All the comparative assemblages were transformed into %MAU to account for differential inter-assemblage quantitative representation. First, they were analyzed using Generalized Low Rank Models (GLRM) as an exploratory method. Then, we used a Uniform Manifold Approximation and Projection (UMAP), to classify leopards´ and hyenas´ bone assemblages, especially according to each feature. Lastly, we used a cluster analysis with variance-dependent phylogenetic tree to show the actual distances among all the assemblages compared.  

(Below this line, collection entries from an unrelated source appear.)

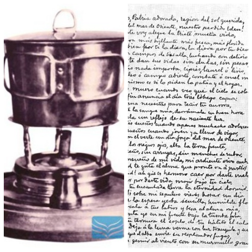 (Rizal's alcohol burner, a gift from the Pardo de Taveras where he hid his last poem “Mi Ultimo Adios” with his own handwriting)
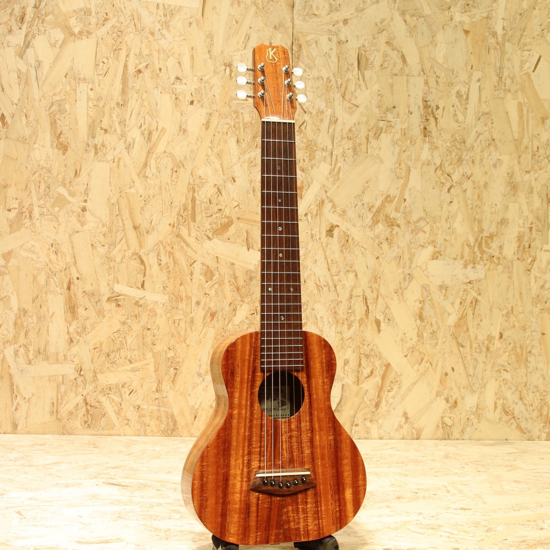 ハワイオワフ島のカネオヘに工房を構える『Kanile’a Ukulele(カニレアウクレレ)』。1990年代終わりに社長のジョー氏と妻クリスティン氏により創業。ブリッジピンの採用、3本ラインのファンブレイシングを独自に改良したブレーシングの採用やUV塗装の導入など最新技術と工房のハンドメイド工法の良い面を取り入れた独自の製法により他メーカーにはない独自のサウンドメイキングを実現。今やハワイを代表するブランドとして世界のプロユーザー、エンドユーザーに愛されているブランドです。本器は華美な装飾のないシンプルなルックスのK-1シリーズの6弦ウクレレ”K-1 GL6 DLX”、2011年製USED品です。厳選されたデラックスグレードのハワイアンコアをボディに使用、マホガニーネック、ローズウッド指板&ブリッジ、アバロンドットポジション、クロームギヤペグ、後付けにてコンタクトピエゾピックアップ搭載。ハワイアンメイドのウクレレが持つ甘いハニートーン。広いサウンドレンジを持ち、ギターのような豊かな鳴りとウクレレの持つ甘く柔らかい艶のあるサウンドを兼ね備えるハイブリッドな1本。コンタクトピエゾ搭載により、生鳴りの空気感、ボディタップなどもナチュラルに出力、ソロ弾きはもちろん、アンサンブルやバンド編成でも活躍します。表面上の擦り傷やボディ裏の打ちきずによる塗装欠けなどありますが、ご使用への影響はありません。ネックコンディションも良く、低めの弦高設定で弾きやすいアクションです。本場ハワイを代表するメーカーの本格ギタレレ。是非お試しください。汎用ソフトケースが付属します。
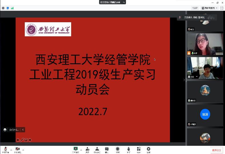 7月11日下午,williamhill英国威廉希尔管理科学与工程系工业工程专业召开了2019级本科生生产实习线上动员大会,williamhill英国威廉希尔副经理王艳,系主任蒲国利,5名实习带队老师,工业工程专业2019级全体本科生参加了动员会议,会议由实习队负责人李鹏老师主持。
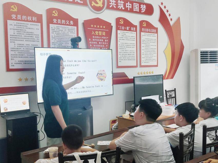(图为志愿者讲解句型)
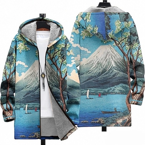Per uomo Paesaggio Cappotto Invernale Giacca in Pile Cappotto Calore Termico Confortevole Casual Abbigliamento quotidiano Cerniera Tasca Stampa 3D Autunno Inverno Con Cappuccio Manica Lunga Rosso
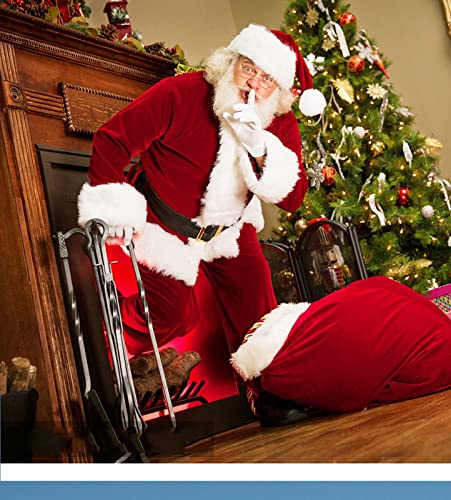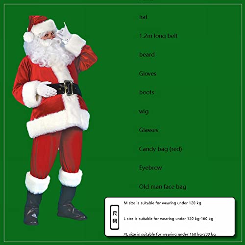 Costume da Babbo Natale per adulti Il set di costumi di velluto di lusso include: Giacca Pantaloni cappello cintura barba Guanti stivali parrucca Occhiali Borsa di caramelle sopracciglio Borsa per il viso vecchio
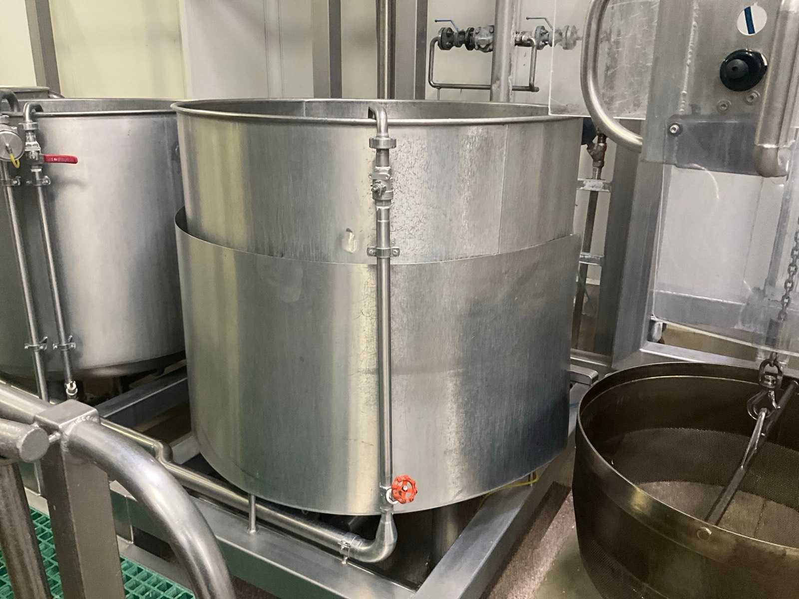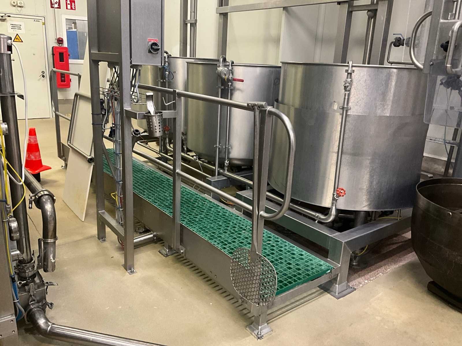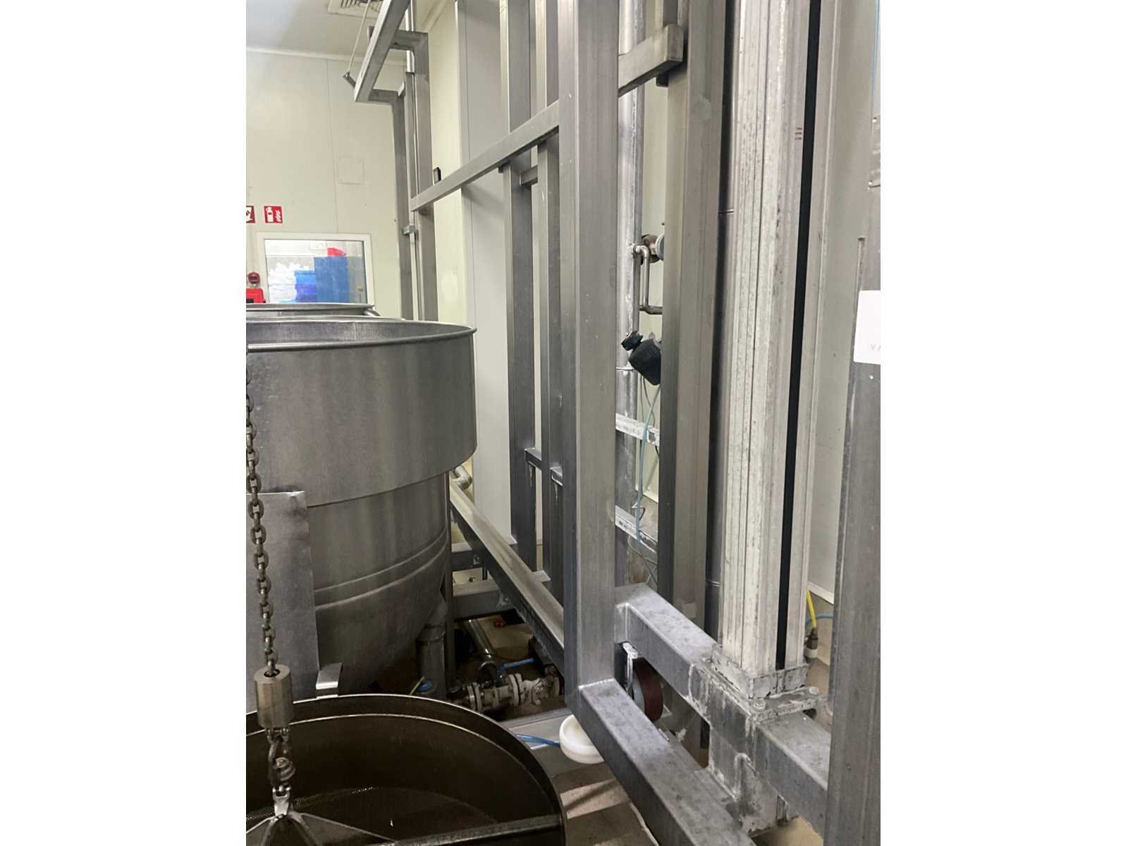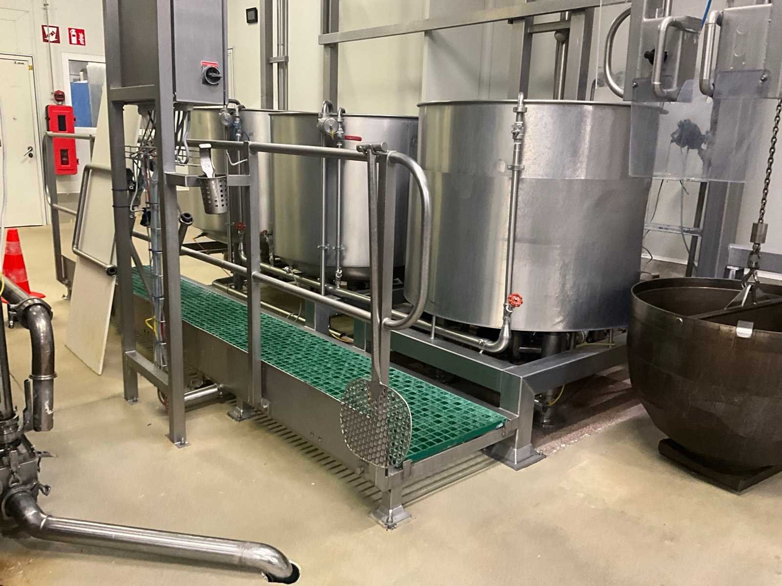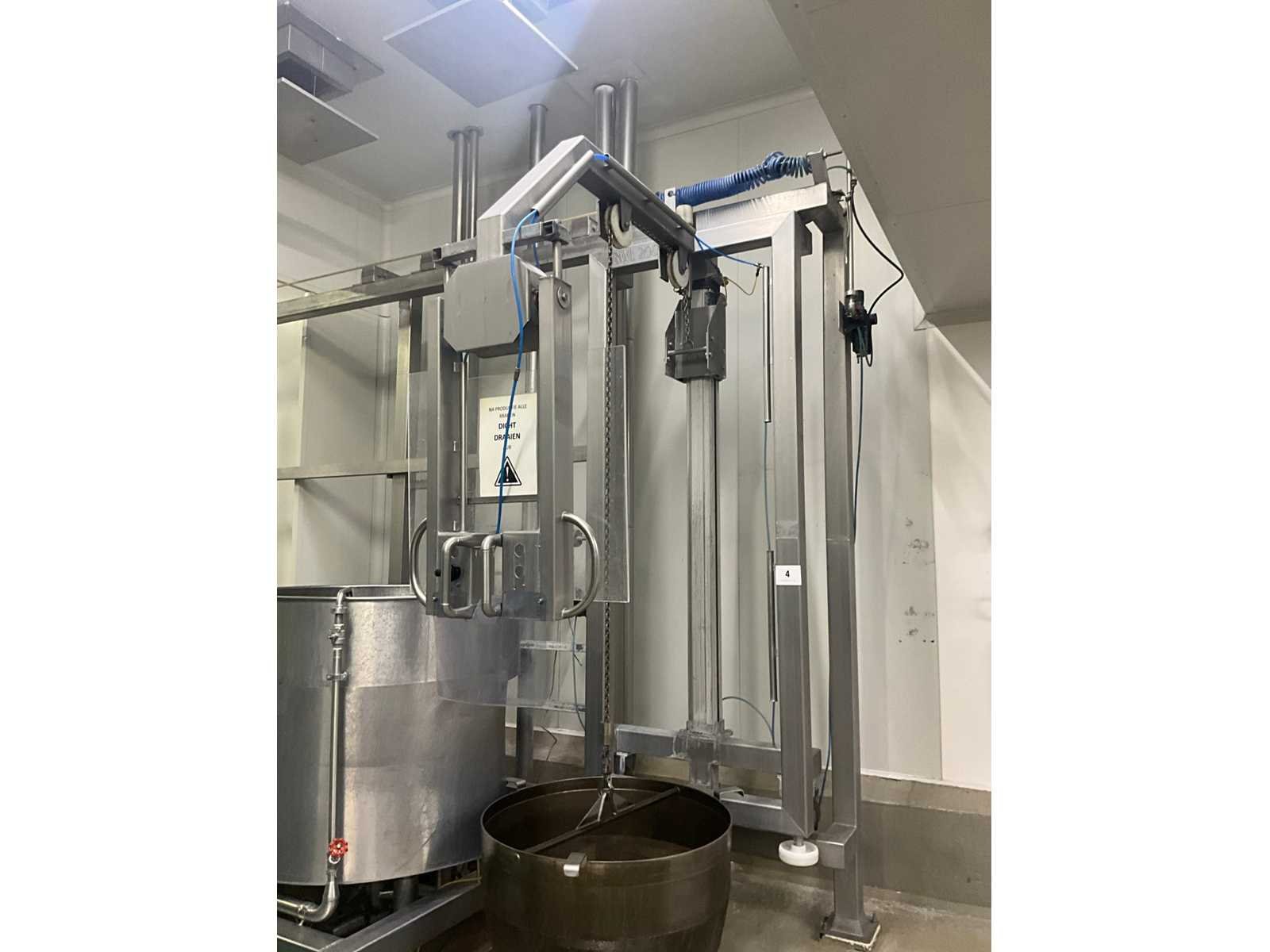 Bestaande uit 3 kookketels Alfa Laval (met afmeting 115 cm diameter en 105 cl hoog), en hefsysteem D.C. Norris & Co met uitneembaar vergiet op rolketting, met max. cap. 200 kg SWL, compleet met loopplatform en sturingskast met touch paneel Siemens Simatic. Nee Bouwjaar: 1997 Aansluiting: 400V Totale afmeting L: 6200mm Totale afmeting Breedte: 2700mm Totale afmeting Hoogte: 3250mm
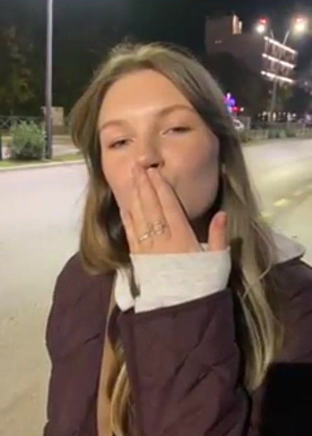 A young woman stands on a city sidewalk at night. She has shoulder-length brown hair and wears a brown jacket over a tan top and white hoodie. She has a ring on her finger. She blows a kiss toward the camera. There is a street with sparse traffic behind her, illuminated by streetlights. Buildings are visible in the background.
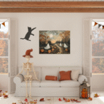 Add a touch of storybook magic to your Halloween decorations with this captivating canvas painting. It’s an ideal centerpiece for your living room, entryway, or any space where you want to create a festive and inviting atmosphere. Far from frightening, this piece is a joyful celebration of community and spooky fun that will be a beloved part of your family’s holiday traditions.

GLRM are a series of methods for dimensionality reduction that use several loss function types and can implement regularization functions. Whereas principal component analysis (PCA) is based on orthogonal projections of linear relationships, in cases where relationships are non-linear, the PCA underperforms compared to other more flexible methods. GLRM decomposes a table into two distinctive matrices X and Y. X contains the same number of rows as the original table, but all variables are condensed into k factors. Y has k rows and the same number of columns as features (i.e., variables) in the original table. Each of the rows is an archetypal feature derived from the columns (i.e., variables) of the original table. Each row of X corresponds to a row of the original table projected into this reduced dimension feature space. Data are compressed by the low-rank representation derived from k feature reduction. An advantage of GLRM over PCA is that it can handle mixed datasets containing numeric, categorical and Boolean data. GLRM admits several types of loss functions: Huber, Poisson, quadratic, periodic or hinge. It also allows the use of regularization functions, including: Lasso, Ridge, OneSparse, Simplex, UnitOneSparse, and quadratic. Loss functions are used to select the optimal archetypal values. Regularization is used to limit X and Y archetypal values. This impacts the effect of negative data, multicollinearity and overfitting. In the present analysis, GLRM was performed with the “h2o” R library ( 


UMAPs is a non-linear dimension-reduction method based on finding inter-case distances in a low-dimensional feature space. The key of UMAP over other dimension-reduction non-linear methods, like t-distributed stochastic neighbor embedding (t-SNE), is that distances are generated along a “manifold”. A manifold is a n-dimensional geometric shape constituted of the path(s) among the points. Every point is referenced according to a small two-dimensional neighborhood around it. The UMAP algorithm searches for a multi-dimensional space delimited by the location of points. UMAP uses a nearest-neighbor approach, by eventually connecting all the points along its search regions. This forces a uniform distribution of points. The distances of points along this manifold are then derived through Euclidean distances. Several optimization methods can be used to reproduce inter-point distances. For the latter process, the UMAP approach that we will use is based on a cross-entropy loss function. For the UMAP analysis, we have used the “umap” R library ( We have also used a search grid combining ranges of values for number of neighbors, minimal distance between neighbors, distance metric, and number of epochs (i.e., iterations of the optimization process).


Finally, a hierarchical cluster analysis, using an Euclidean distance matrix on the %MAU dataset, was carried out. The method used was the “average” linkage, which represents the average distance between the points. The combination of the three methods was used to study agent-specific variability in inter-assemblage element representation.


Usage notes

Data are in txt and xls formats. Code for analysis was performed in R.